***** INPUT FOR THIS TASK

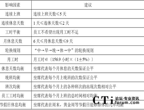要滿足每半小時(shí)實(shí)際安排的座席數(shù)量不少于需要的座席數(shù)量的要求,首先就需要進(jìn)行班次的設(shè)計(jì),這是為第五環(huán)節(jié)資源規(guī)劃而準(zhǔn)備的!鞍啻卧O(shè)計(jì)”是指設(shè)計(jì)出一系列的班次,比如早班,中班,晚班,等等。而將來(lái)只要告訴員工,你下個(gè)月每天各上什么樣的班次即可。在班次設(shè)計(jì)時(shí),需要充分考慮前面提到的一些影響因素:如下所示。
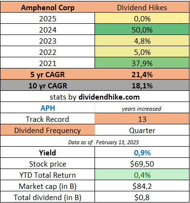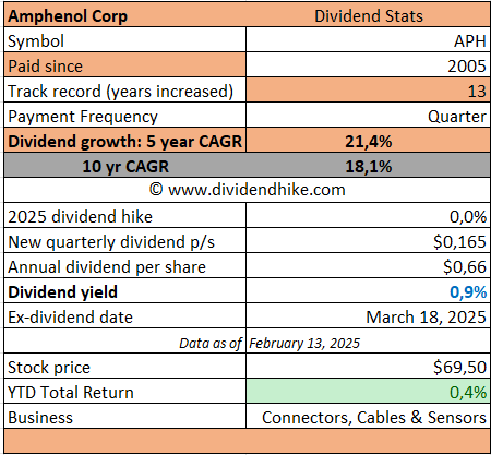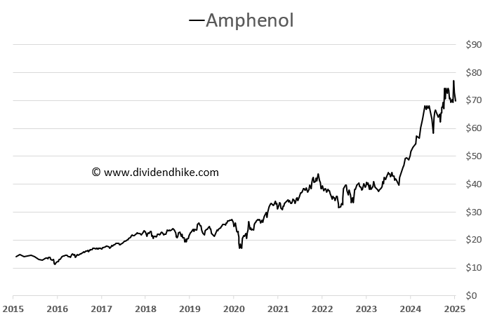 The stock is Amphenol Corporation (ticker APH), one of the Dividend Heroes in 2025 because of its massive 50% dividend hike in 2024.
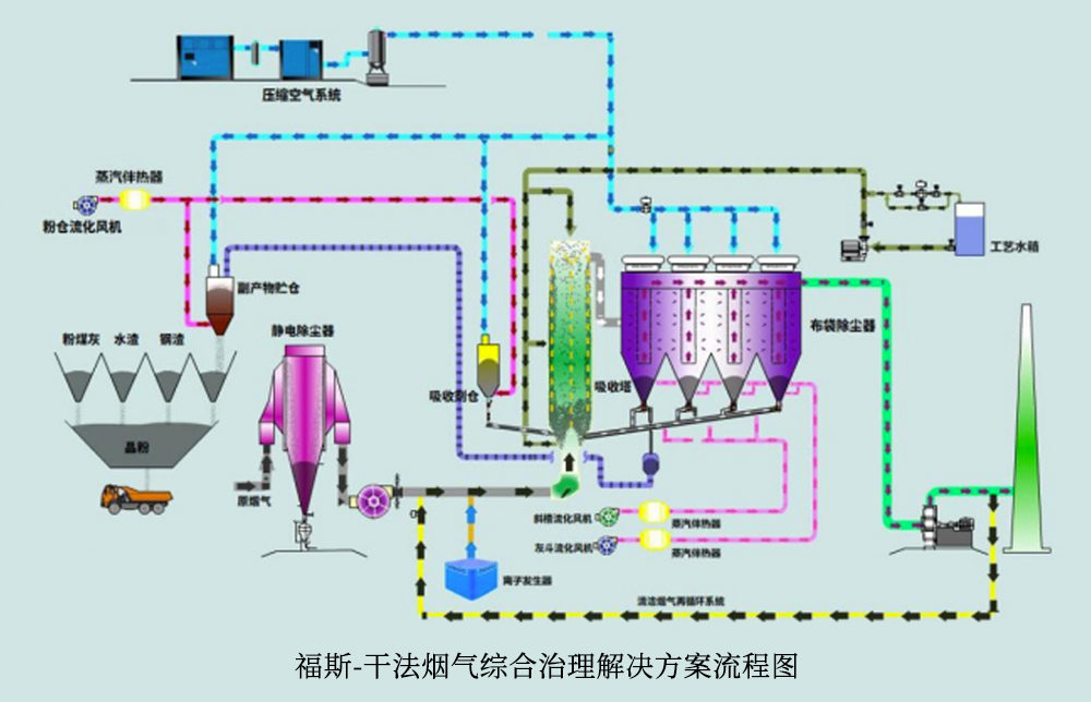 福斯干法(FOSS-D)技術(shù)是以福斯離子發(fā)生器、堿性高分子材料、技術(shù)升級的強(qiáng)效脫除反應(yīng)塔為核心的一體化協(xié)同治理技術(shù)。該技術(shù)完美融合了單一脫硫、單一脫硝、CFB半干法、活性焦干法等工藝優(yōu)勢。可實現(xiàn)一塔脫除多種污染物(脫硫、脫硝、脫二噁英、脫氟),具有較好的經(jīng)濟(jì)性與可持續(xù)性。
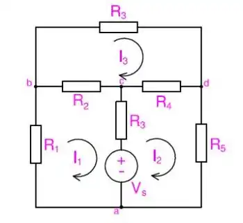 {\displaystyle (I_{2}-I_{1})*R_{3}+(I_{2}-I_{3})*R_{4}+I_{2}*R_{5}=V_{s}}
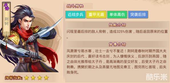 荆轲的速度极快,并且爆发伤害完全能一击秒杀大多数将领,并且能完美脱身(比历史上的荆轲牛逼多了),秒杀后排输出的最佳人选。
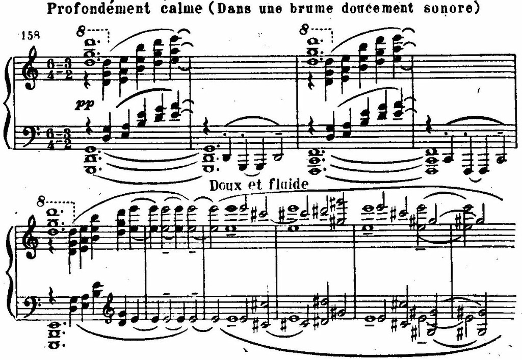 Это один из образцов развития и усложнения Дебюсси интонаций, имеющихся у его предшественников.

**********

» **WORK TASK**
Print the lines from the line with "荆轲的速度极快,并且爆发伤害" to the end of the data above. Include both ends, exclude the pictures, and add nothing else.

» **TASK SOLUTION**
 荆轲的速度极快,并且爆发伤害完全能一击秒杀大多数将领,并且能完美脱身(比历史上的荆轲牛逼多了),秒杀后排输出的最佳人选。
 Это один из образцов развития и усложнения Дебюсси интонаций, имеющихся у его предшественников.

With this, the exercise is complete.